▸ **What you have to do**
Print the lines of the listing below verbatim from its first line through the line bearing "Edytor tapety: Jemen, Sana, Miasto, Meczet, Góry". Any pictures are to be omitted.

▸ **Extracted material**
........

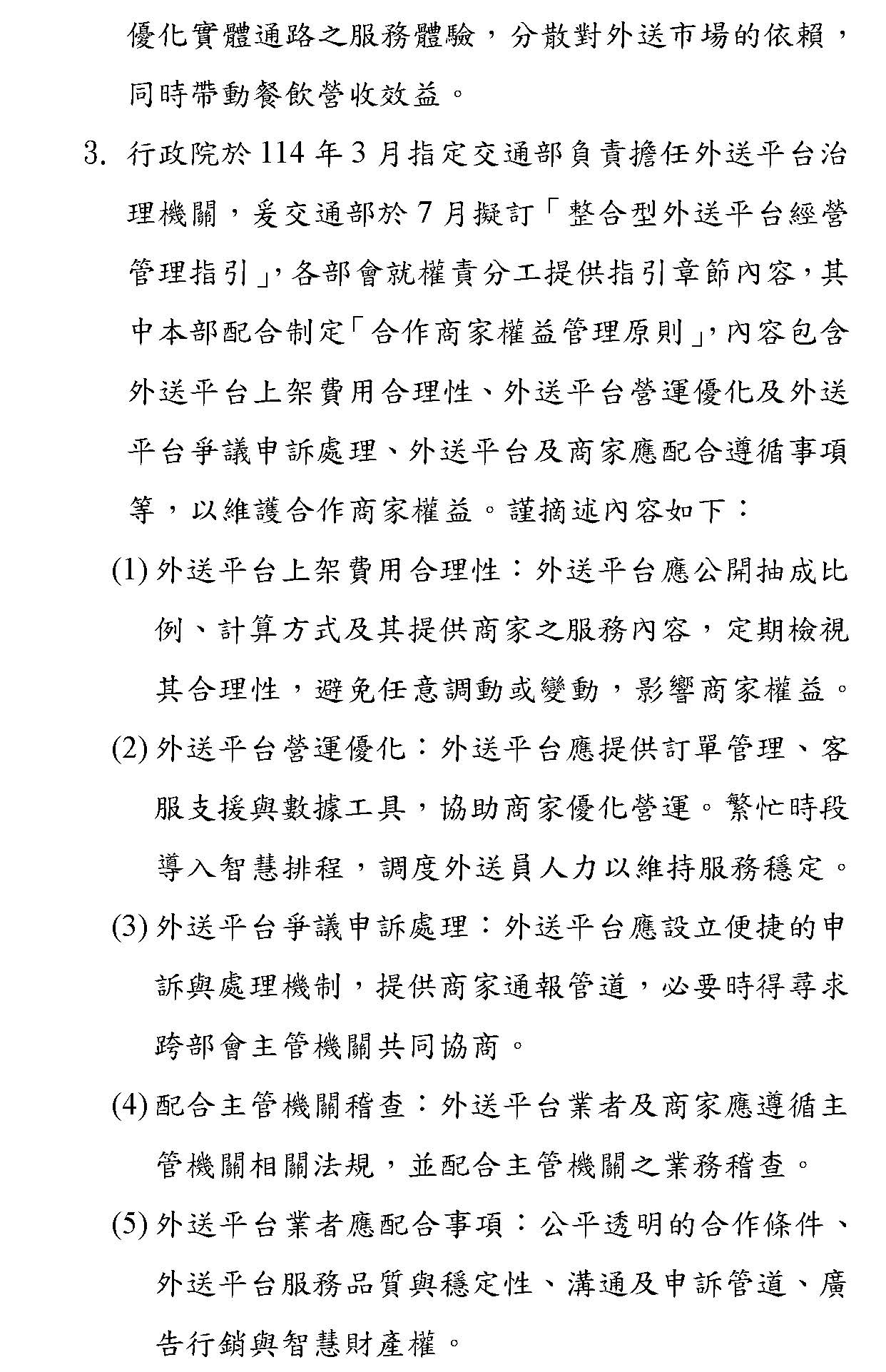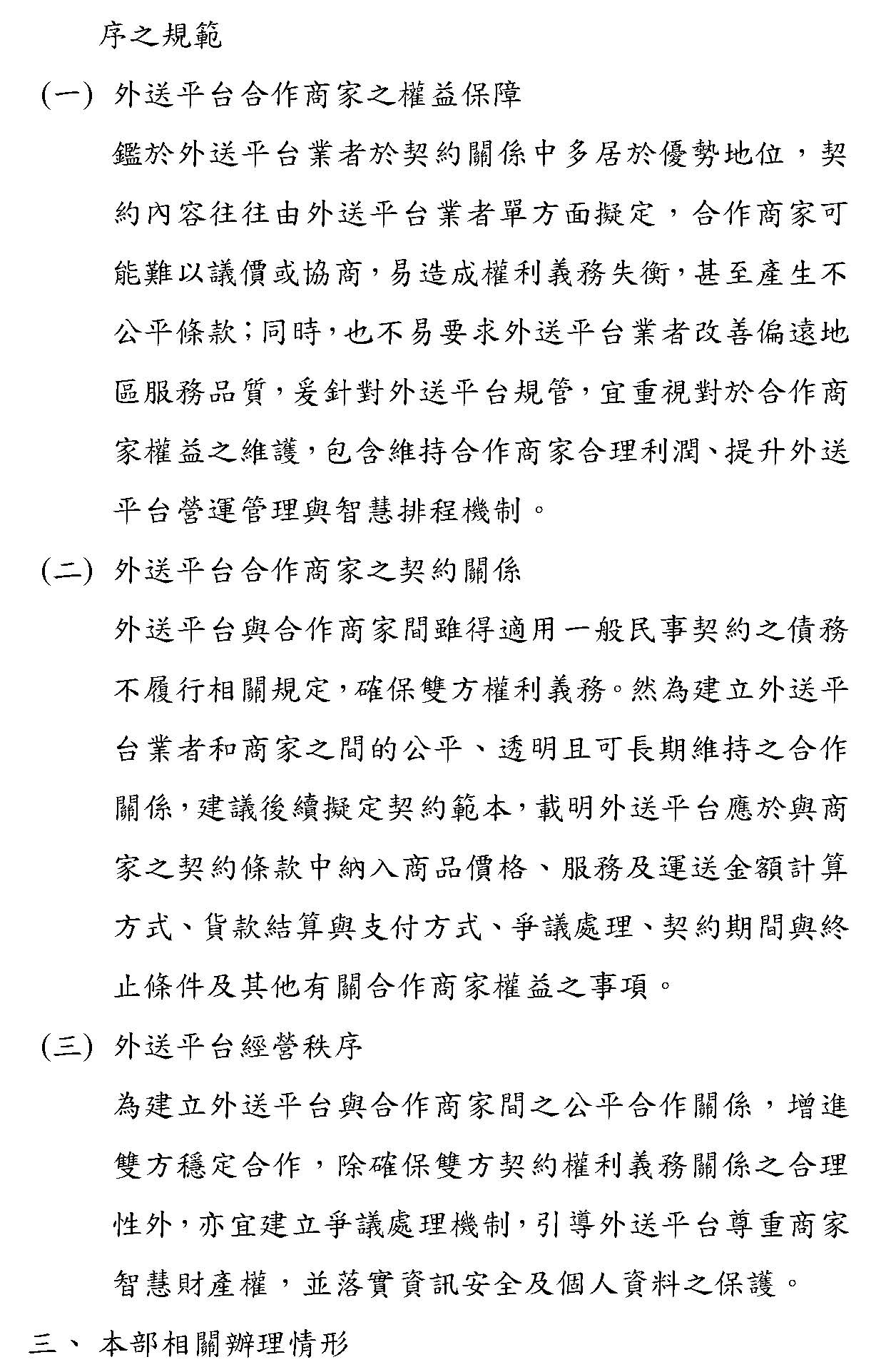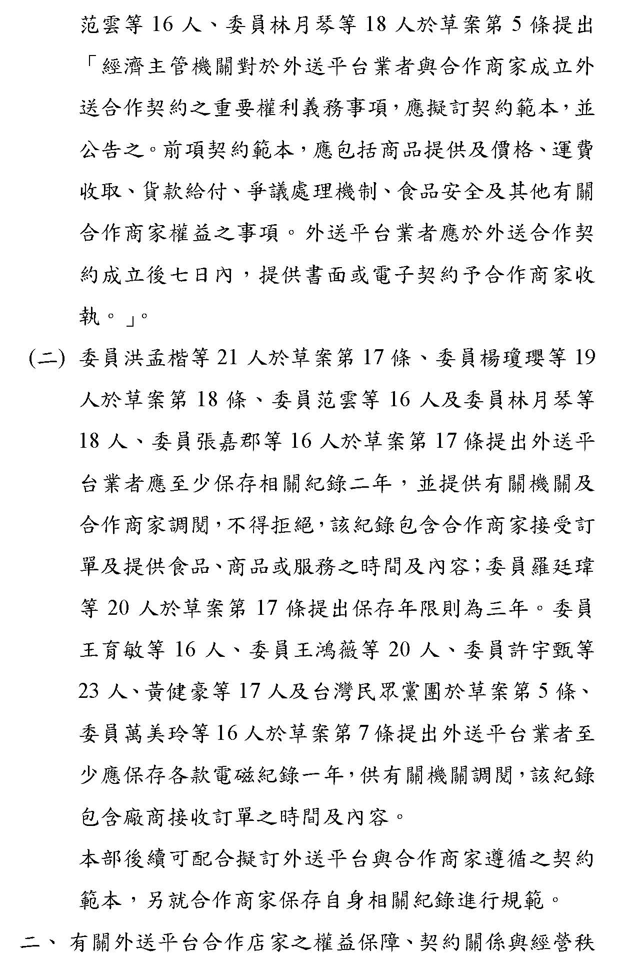 「外送平台管理暨從業人員權益保障法草案」及「外送員權益保障及外送平臺管理法草案」公聽會(書面報告)
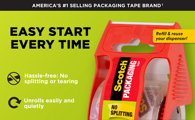Scotch Sure Start Shipping Packaging Tape, 1.88" x 25 yd, Designed for Packing, Shipping and Mailing, Quiet Unwind, No Splitting or Tearing, 1.5" Core, Clear, 6 Rolls (DP-1000RF6)
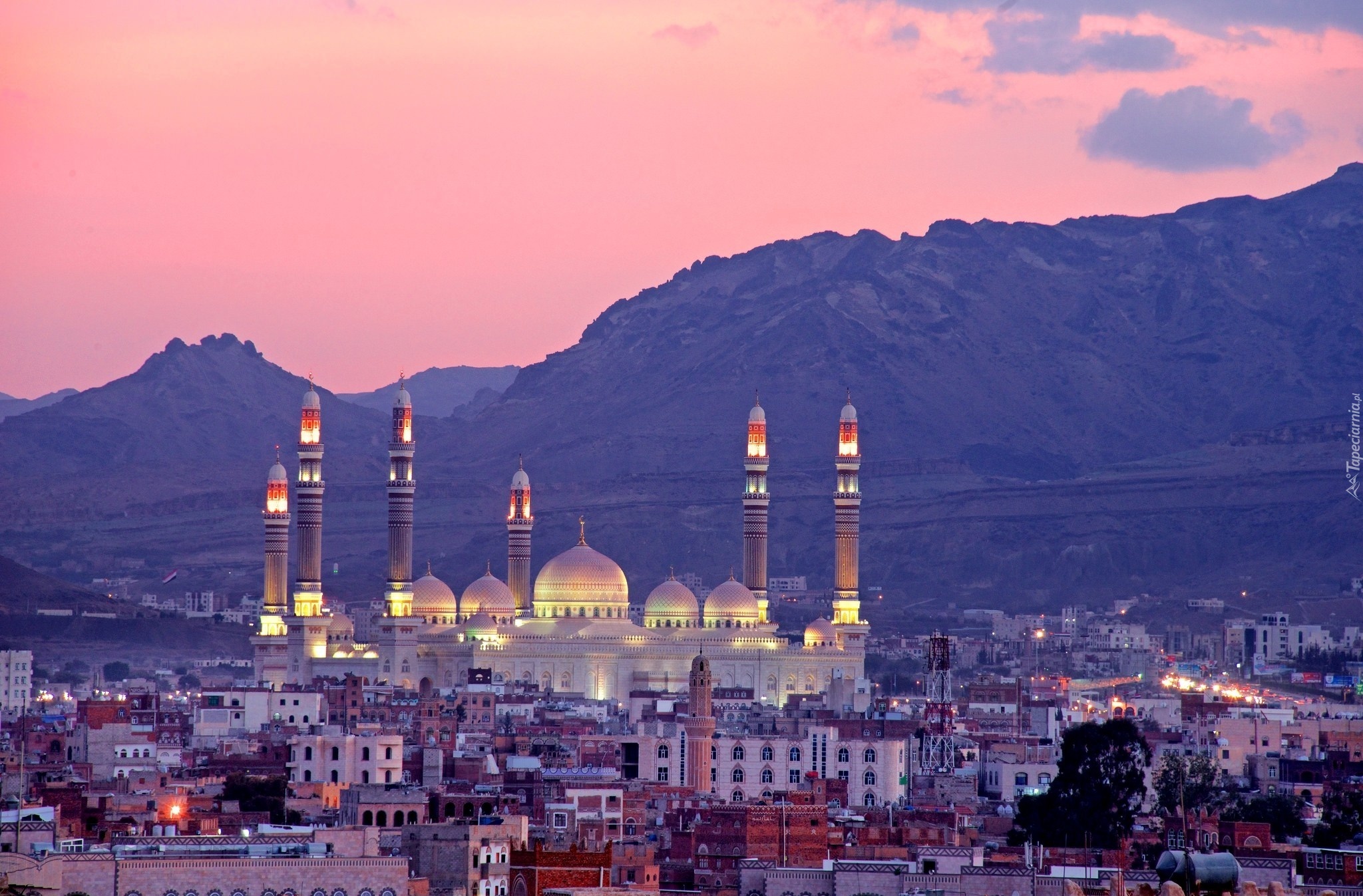 Edytor tapety: Jemen, Sana, Miasto, Meczet, Góry
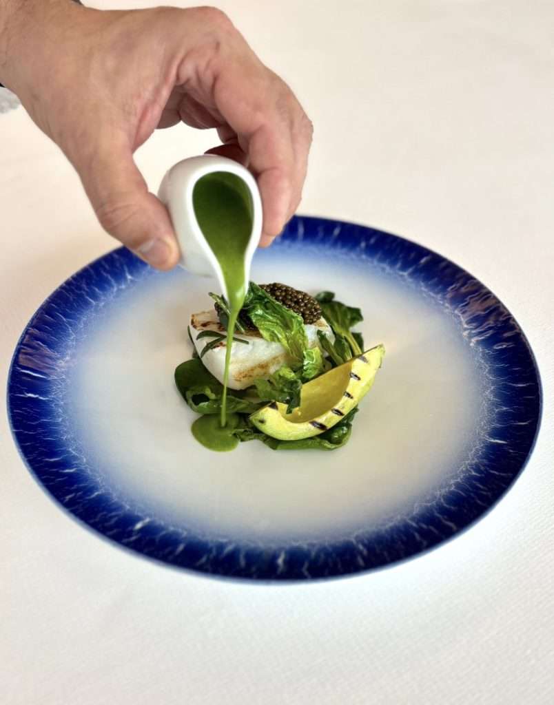The wood-fired coastal fish with caviar and watercress was another highlight. From a chef’s perspective, this dish is all about control. The kiss of smoke from the wood fire, the perfect salinity of the caviar, the peppery bite of the cress—it was a fusion of rustic technique and pure luxury. It represented both Rosso’s bold, elemental style and Lory’s classic refinement.
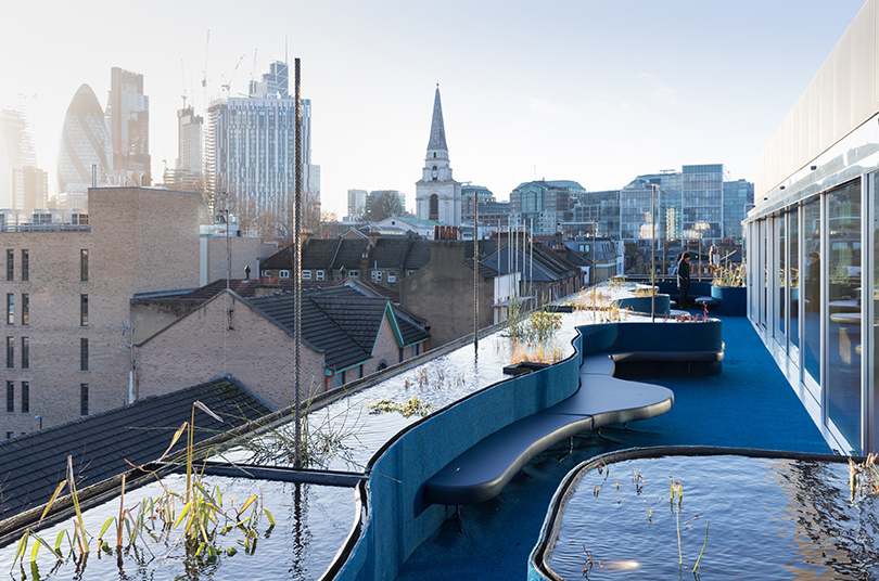 位于馬德里的建筑公司selgascano設計。該辦公室裝修建筑位于倫敦東部的spitalfields,占地15,000平方英尺(1,394平方米),周圍環繞著充滿水生植物的游泳池。還包括800多種熱帶樹木和植物。此外,總辦公室裝修建筑面積增加到65,000平方英尺,為創意公司和組織提供了更多空間。
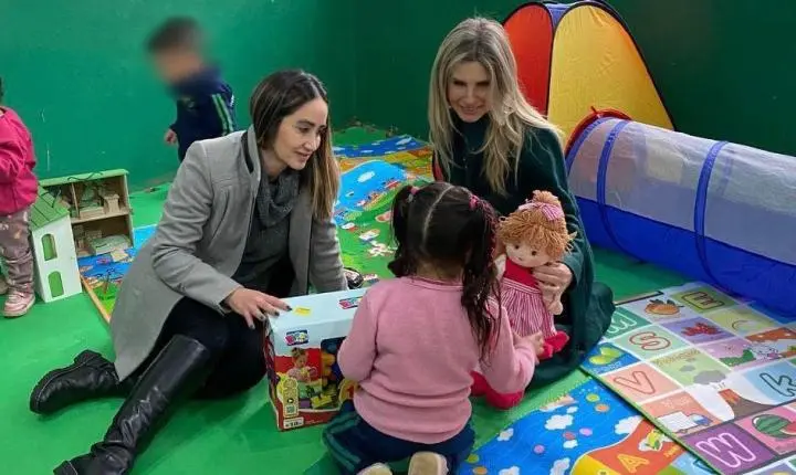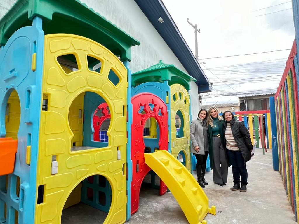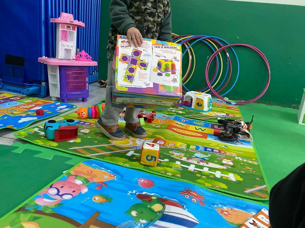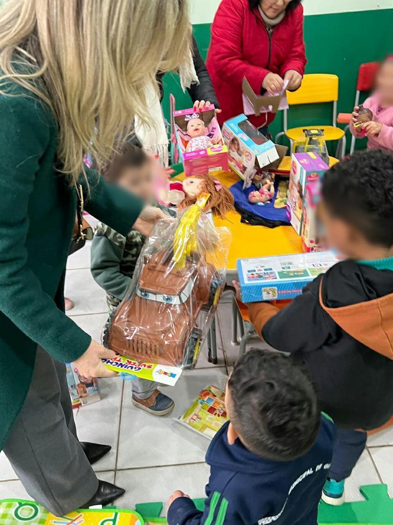 A entrega dos materiais, que incluiu mesas, tatames, tapetes, jogos, bonecas, carrinhos, cortinas para salas de aula e diversos outros itens, foi realizada pela diretora e proprietária da Escola Balão Azul, Morgana Fonseca Luchese Bonatto, e recebida pela diretora da EMEI Maria Dinorah, Maile Lopes da Silva. Um grande brinquedo também foi instalado no pátio da escola, que anteriormente não dispunha de nenhum equipamento desse tipo.

........

▸ **Response to the task**
 「外送平台管理暨從業人員權益保障法草案」及「外送員權益保障及外送平臺管理法草案」公聽會(書面報告)
Scotch Sure Start Shipping Packaging Tape, 1.88" x 25 yd, Designed for Packing, Shipping and Mailing, Quiet Unwind, No Splitting or Tearing, 1.5" Core, Clear, 6 Rolls (DP-1000RF6)
 Edytor tapety: Jemen, Sana, Miasto, Meczet, Góry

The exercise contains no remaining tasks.